Great info guys I appreciate it. My plan is to do a spiral wrap like the one posted so I'll just have to play with it a bit when i test it. 

And what the heck is Splitting the Tube?


----------



## Mg50 (Feb 9, 2009)

I'm going to try and make a conventional casting with Micros. Probably wasn't the smartest idea to tackle on my first full rod build but the micros are in so it all or nothing now. Steve thanks for going out of your way to help me with my spacing and other questions. Well back to work.


----------



## Steve Gardner (Mar 23, 2008)

Saltwater;
That is were the tube being to small to fit the end of the blank you take and exacta knife and push it down into the tube. Effectively splitting it almost to the front then spread it apart a little to fit over the blank.

Couple things to watch for 
Hold tip with guide down on surface securing it with some type of pliers having the teeth taped up. This keeps you from getting blood all over the threads lying around your work bench (VERY IMPORTANT TIP TO REMEMBER)

Don't spread any more then needed you just want to increase the inside diameter enough to fit blank

Take care to close up any unneeded space by carefully pinching the tube back if needed

Watch for a little hump that sometime happens at the end of the split, it needs to be eliminated or it will interfere with and possibly damage you fishing line when in use.


----------



## Bill Stevens (Mar 8, 2008)

Splitting the tube on a Fuji 4.5/3.8 Micro Top

Guide frame stainless with braces - installed on blanks with a blank tip diameter to 5.5.
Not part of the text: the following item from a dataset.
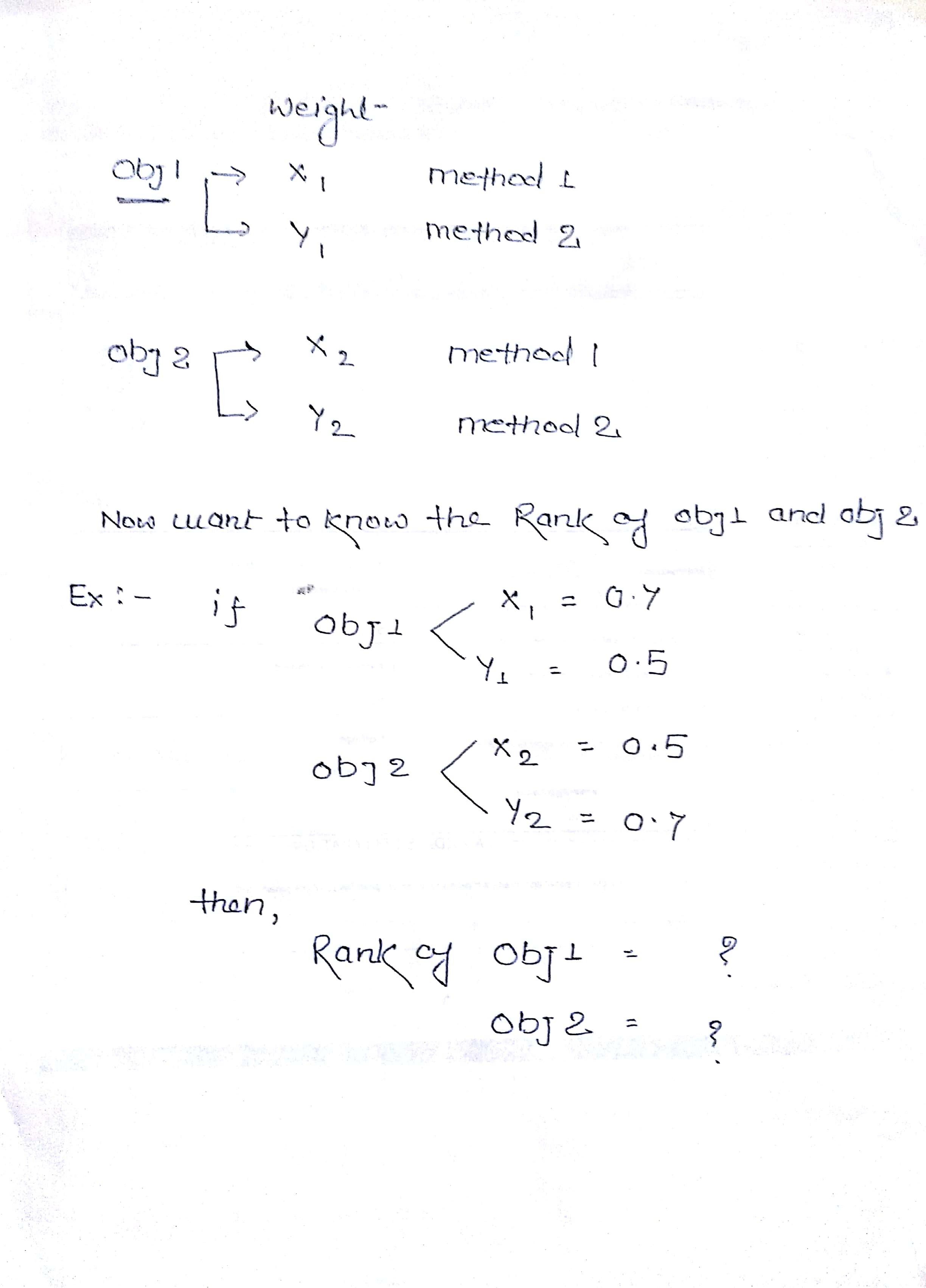 My objective is to Rank the obj1 and Obj2 according to there weight values determined from Method1 and Method2.

Click on Picture when it opens for better view -

http://www.rodbuilding.org/photopost/showphoto.php/photo/8012/cat/500/page/2


----------



## pg542 (Oct 9, 2006)

I would think that it would only be a matter of time before the guide manufacturers realize the need for a little larger tube sizes on micro TT's. Might be worth an email to the bigger distributors and manuf's. Let them know the issue and what builders are doing to get around it. This problem with the tubes being too small has been around awhile and it doesn't seem like it would take much of a change in their manuf'ing process to be able produce them. Especially since micros are making their way on to larger and larger rod blanks(tip sizes),,,,Jim


----------



## Steve Gardner (Mar 23, 2008)

This issue is being addressed presently.
Fuji for the most part is not interested in doing any more then what's out there presently. We (custom builders) are a very small part of their world wide business. As far as they are concerned we don't provide enough market share to them to justify the cost, and their big customers are not asking for them.

Batson is working on it. There is a design in process right now that should address this problem completely, although a little different then what most people are used to working with it's a great idea and may even lighten up tips a bit more then standard designs. 
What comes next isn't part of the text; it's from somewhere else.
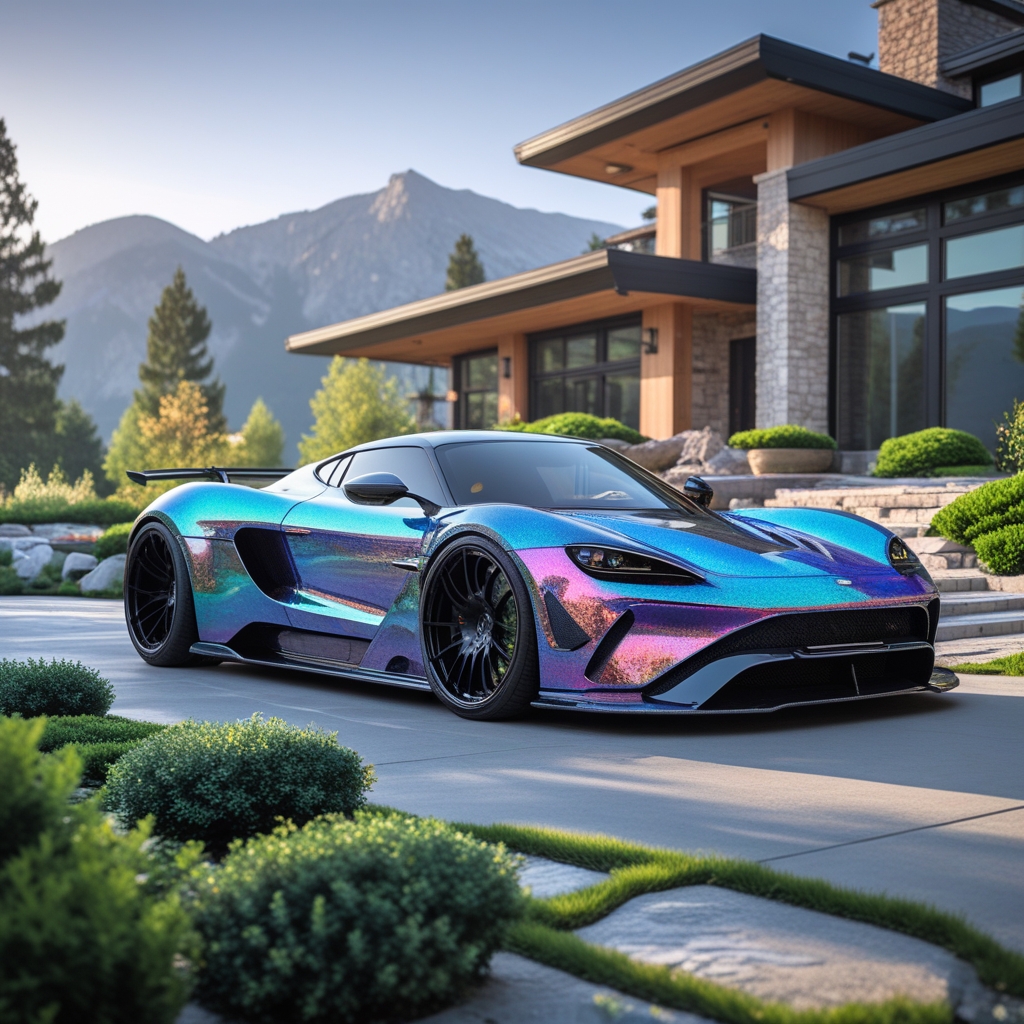A stunning Chromaflair NILU hypercar, fully customized with a Brabus body kit, featuring sleek matte black mags wheels, parked in the driveway of a luxurious modern mountain house. The scene includes beautifully landscaped gardens with vibrant greenery, decorative shrubs, and elegant stone pathways. The car’s color shifts dynamically with the light, showing iridescent Chromaflair reflections. The modern mountain house has large glass windows, natural wood and stone accents, and a panoramic view of the surrounding mountains. Soft sunlight enhances the textures of the car and the garden, creating a high-end, cinematic, and ultra-realistic atmosphere.”

Talked extensively with American Tackle this week end about the "Micro Market" and at this point they are not interested at all. They've just post $250.000.00 in the equipment to build the minimal guides. With the thinking that their 4mm minimal would address the Micro needs. "With it being close to the blank like a Micro and having a larger Center at the same time".
Pac Bay is pretty much in the same place.

But they completely missed the boat on this, not realizing that the closer ring tolerances of the Micros are one of the key components to their efficiency in improved casting. 
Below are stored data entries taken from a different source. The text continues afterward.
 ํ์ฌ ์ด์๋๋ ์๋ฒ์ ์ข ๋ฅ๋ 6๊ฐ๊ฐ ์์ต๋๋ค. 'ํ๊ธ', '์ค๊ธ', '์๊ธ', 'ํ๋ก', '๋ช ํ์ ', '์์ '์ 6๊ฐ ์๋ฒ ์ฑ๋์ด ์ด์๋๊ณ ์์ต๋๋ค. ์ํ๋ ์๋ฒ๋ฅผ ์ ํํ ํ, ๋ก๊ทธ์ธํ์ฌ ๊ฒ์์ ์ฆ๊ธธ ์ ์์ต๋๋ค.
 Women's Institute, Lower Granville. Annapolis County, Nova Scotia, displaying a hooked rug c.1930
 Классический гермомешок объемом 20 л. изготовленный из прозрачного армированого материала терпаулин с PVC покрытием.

I should have some of the Batson Prototypes in my hands in the next month or two and will let people know what I think good or bad.


----------



## CoastalBent (Aug 3, 2006)

Question... I just finished a heavy flipping stick and did spiral micros down to 3mm. I used a split tube tip, and am having problems with it. I'm using 15lb P-line mono, which is apparently too stiff because the line rubs the blank to the point that it won't let a 1/4oz bullet weight and hook fall freely. It casts heavy baits great and casts smooth, but it wants to hang up a little when letting line out to pitch. Would you just go to a bigger tip ring, or is a spiral just not the best way to go here?


----------



## Steve Gardner (Mar 23, 2008)

Kyle;
That is absolutely my recommendation. I would not use anything smaller then a 6mm for the tip on anything I flip or pitch with. If you use a 6mm alps tip the frame has a smaller profile, which I prefer
I spiral all my flipping pitching rods.


----------



## mark blabaum (Dec 6, 2007)

Steve, I'm curious where do you usually get the Alps tip tops? I was looking on Fishsticks and didn't see any listed there. I like the idea of a smaller profile as a normal #6 looks a little odd with the micro guides. I also have to commend you on helping other builders with the use and set up of micros. I've only 3 micro builds in spinning rods under my belt, but really enjoy using them. I really believe that micros have a bright future in custom rod building.


----------



## Steve Gardner (Mar 23, 2008)

Mark;
I've been getting mine from Custom Tackle

Thank you for the comment! 

Been using them for three years now, and I've yet to find anything I don't like about them. I think you are correct about their future.


----------